RECORDS SUPPLIED →
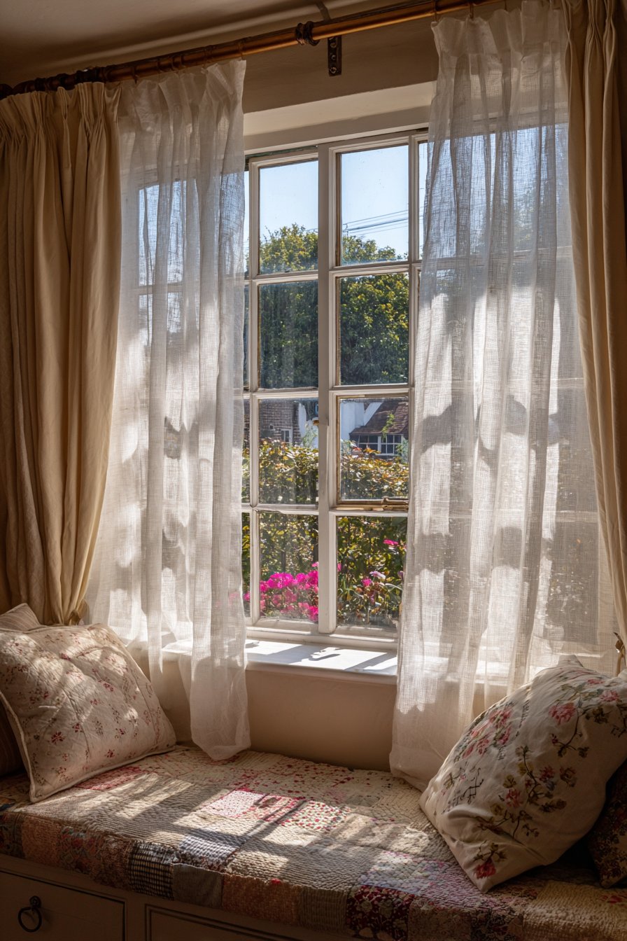 A cushioned window seat below features storage compartments accessed by lifting the seat. Vintage floral cushions and a patchwork quilt dress the seating area. Morning light filters through sheer under-curtains in cotton voile. This layered approach controls light while maintaining privacy. The gentle folds of the linen curtains create soft sculptural forms.
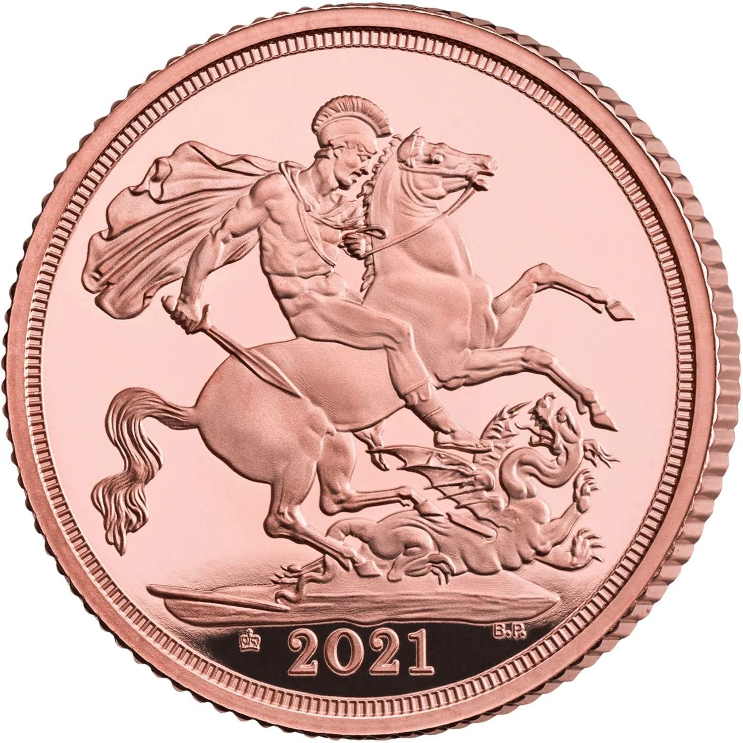 St. George slaying the dragon; crown privy mark, date, and designer's initials in exergue.
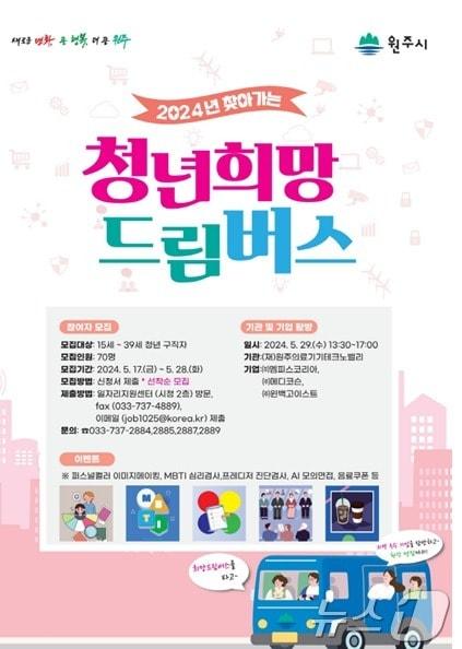 지역 기업 3곳 탐방·체험 기회 제공… 28일까지 선착순강원 원주시의 '2024년 1차 찾아가는 청년 희망드림버스' 안내 포스터. (원주시 제공) 2024.5.20/뉴스1관련 키워드의료기기원주채용설명청년희망드림버스원주의료기기종합지원센터신관호 기자 '경제도시' 외친 민선 8기 원주시…기업투자유치 1조 육박'CES 2026' 참가한 원주 기업들 191만여 달러 계약 성과관련 기사'경력단절여성 구인구직 해피데이' 25일 원주시청서원주시 '유치기업 채용설명회' 15일 개최
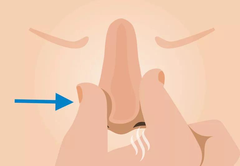 - Bring your right hand up to your nose, with your index finger hovering over your left nostril and your thumb hovering over your right nostril.
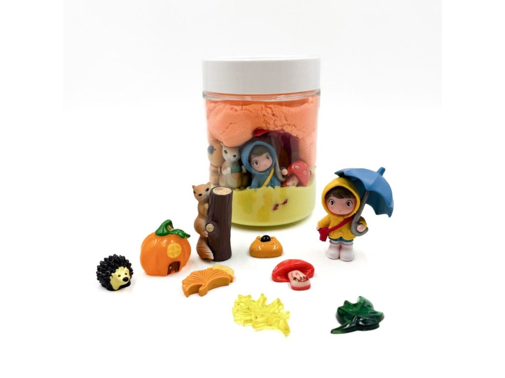 Kinetický písek je oblíbeným smyslovým materiálem jak u dětí, tak u dospělých. Tato dóza navíc obsahuje hračky, které dělají hru zajímavější. Do dózy jsme schovaly kousky podzimu.
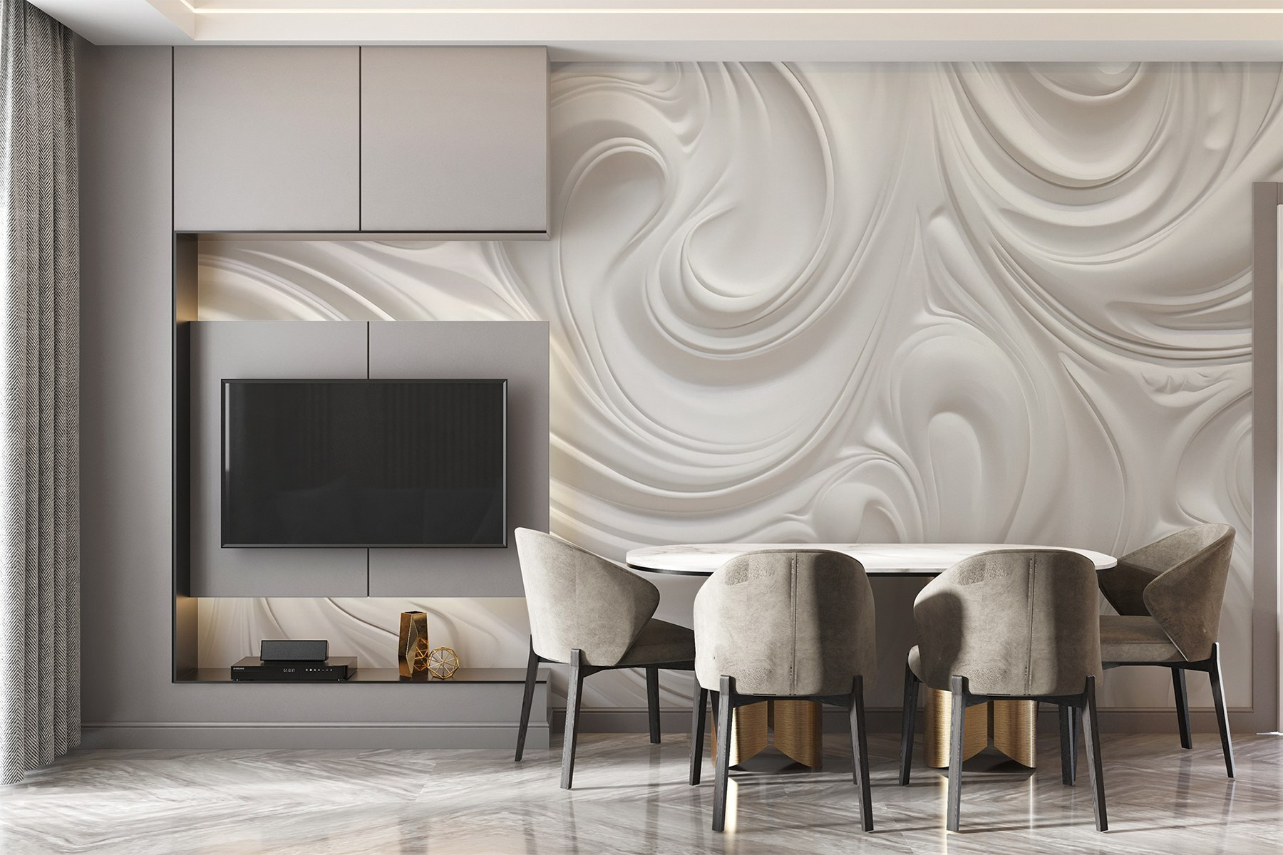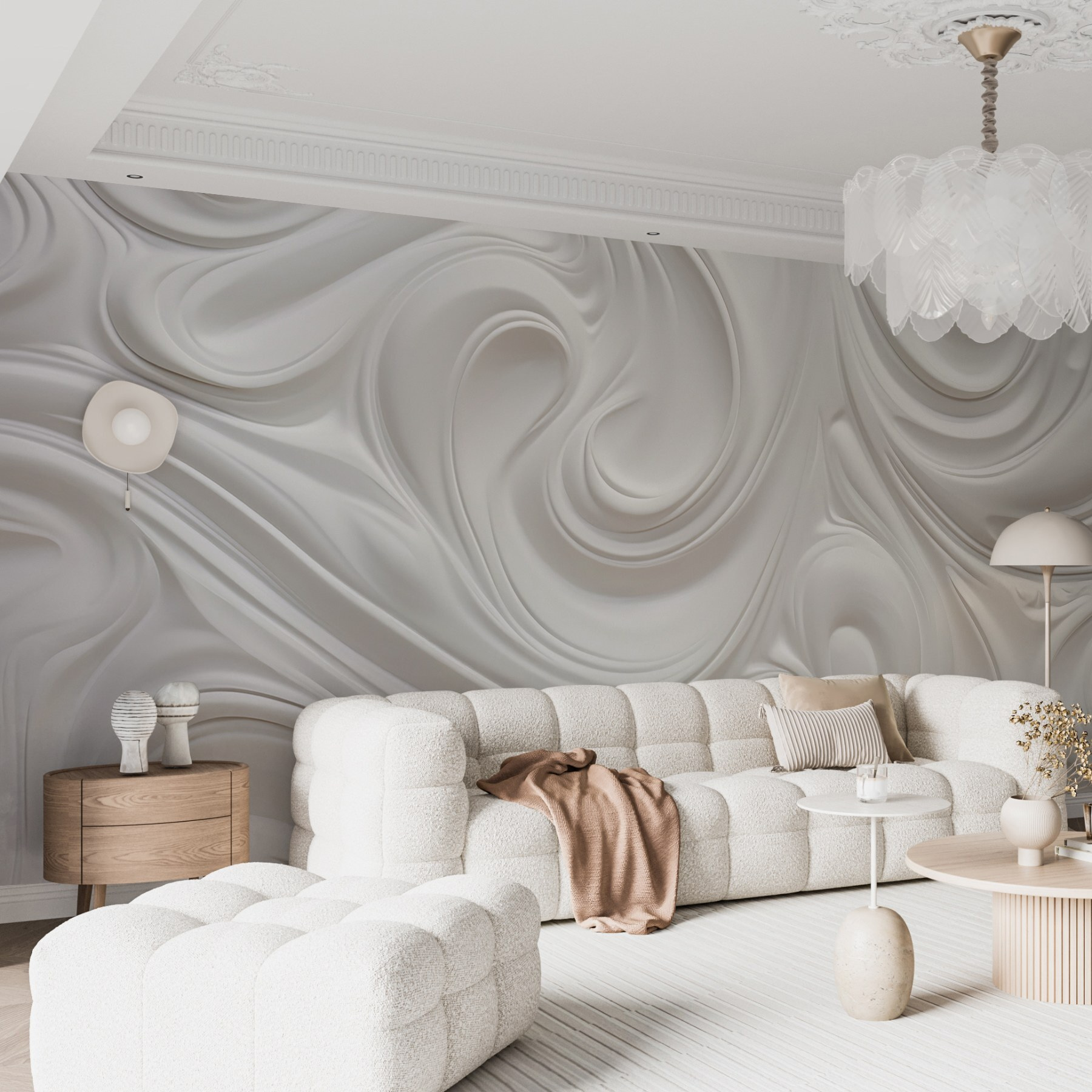 Transformați-vă spațiul cu această pictură murală, care prezintă un dans visător de vârtejuri albe. Este ca și cum ai aduce o briză blândă în interior sau un nor moale care te învăluie. Imaginați-vă că vă treziți pe acest fundal liniștit, simțindu-vă puțin mai ușor cu fiecare privire. Perfectă pentru orice cameră, aceasta echilibrează fără efort stilul modern cu o notă de fantezie. Este genul de pictură murală care ar putea inspira visele cu ochii deschiși sau ar putea stârni gânduri creative – bunăoară, idei de proiecte artistice! Ridicați acei pereți și lăsați farmecul formelor curgătoare să adauge un farmec unic casei dvs. Cine ar fi crezut că pereții pot fi atât de plini de viață?

YOUR ASSIGNMENT →
Every line above from the one with "St. George slaying" down to the one with "지역 기업 3곳 탐방·체험" must be written out exactly, and no picture may appear.

TASK OUTPUT →
 St. George slaying the dragon; crown privy mark, date, and designer's initials in exergue.
 지역 기업 3곳 탐방·체험 기회 제공… 28일까지 선착순강원 원주시의 '2024년 1차 찾아가는 청년 희망드림버스' 안내 포스터. (원주시 제공) 2024.5.20/뉴스1관련 키워드의료기기원주채용설명청년희망드림버스원주의료기기종합지원센터신관호 기자 '경제도시' 외친 민선 8기 원주시…기업투자유치 1조 육박'CES 2026' 참가한 원주 기업들 191만여 달러 계약 성과관련 기사'경력단절여성 구인구직 해피데이' 25일 원주시청서원주시 '유치기업 채용설명회' 15일 개최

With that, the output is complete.